Сначала было интересно наблюдать за соседями. Через проход сидел Вениамин, тучный молодой человек, вечно потеющий, промакивающий лоб одноразовыми платочками, которые он бросал мимо корзины, и к концу дня становился похожим на промокший матерчатый пузырь, который появляется, когда пытаешься утопить пододеяльник в воде, замусоренной конфетными обертками.
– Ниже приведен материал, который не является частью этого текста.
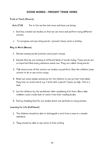 1. The children should be able to distinguish a verb from a noun in a simple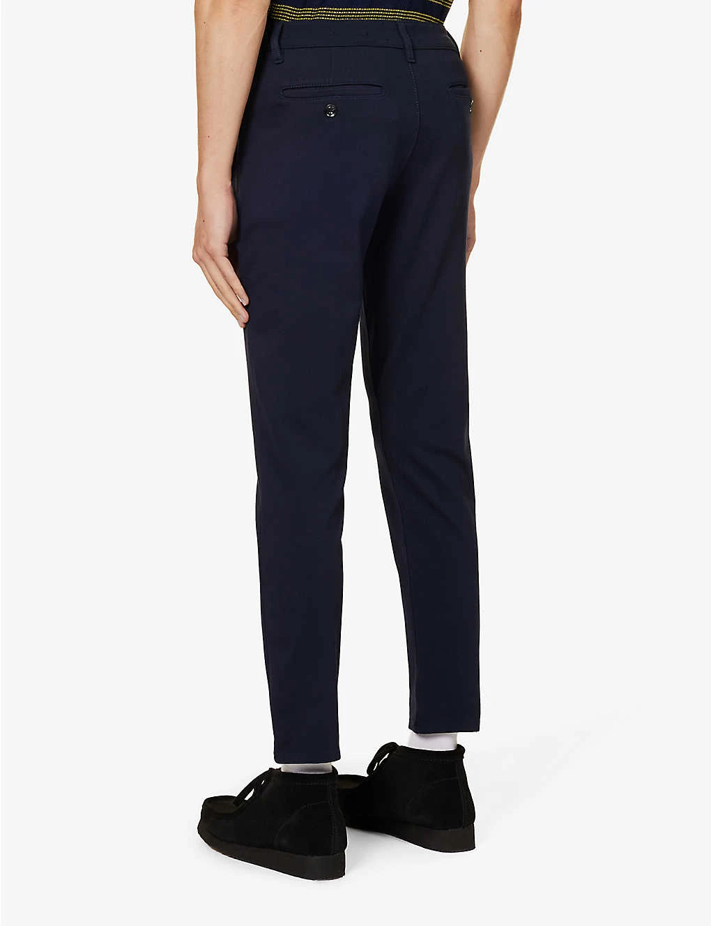 - Regular fit, mid-rise, tapered leg, belt loops, two slip pockets at front, darts at back, two buttoned welt pockets at back, brand patch at back, partially lined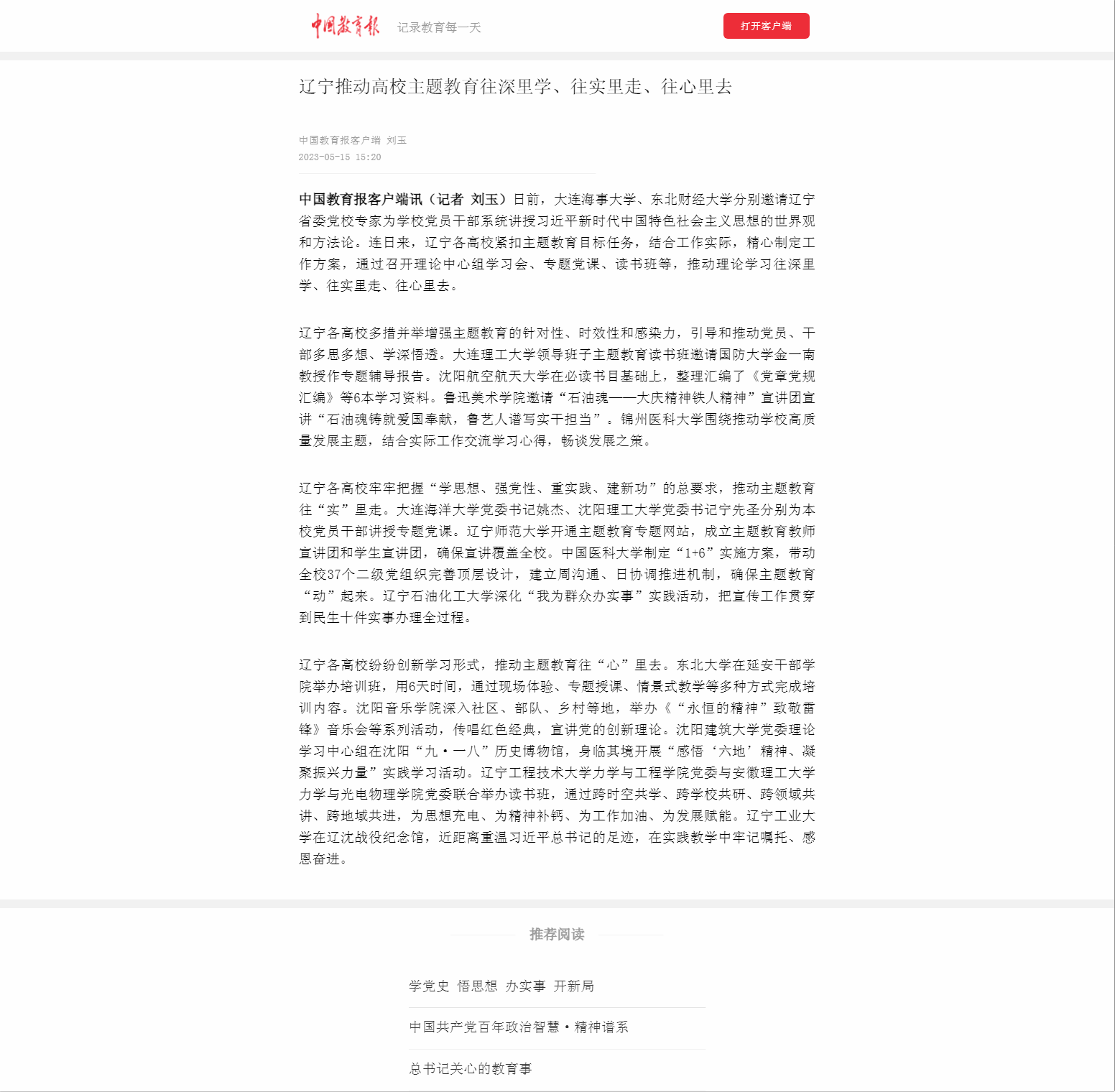 編者按:近日,中國教育報客戶端對遼寧推動高校主題教育往深里學、往實里走、往心里去進行了報道,其中對我校深化“我為群眾辦實事”實踐活動,把宣傳工作貫穿到民生十件實事辦理全過程的特色做法進行了組稿宣傳?,F將相關報道轉載如下: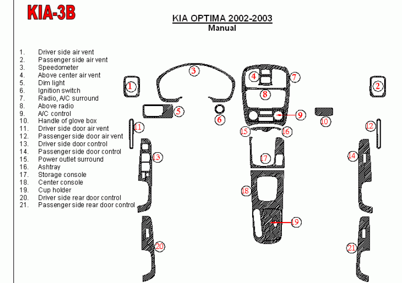 Kia Optima 2002 - 2003 Dash Trim Kit

Неприятный тип, но смотреть на него было некоторое время интересно. Он включал компьютер, щурил маленькие глазки, разглядывал на экране белые буквы, комментирующие загрузку машины, потом запускал табличный процессор, смотрел динамику изменения цен на рыбу и морепродукты, хлопал себя по толстой ляжке, вытягивал губы в трубочку, цокал языком и качал кудрявой головой. Потом он имитировал бурную деятельность, перекладывал бумаги на столе, искал авторучку, точил карандаш, заготавливал стопку бумаги и начинал анализировать. В итоге у толстяка выходили аккуратно опечатанные, подшитые и пронумерованные отчеты.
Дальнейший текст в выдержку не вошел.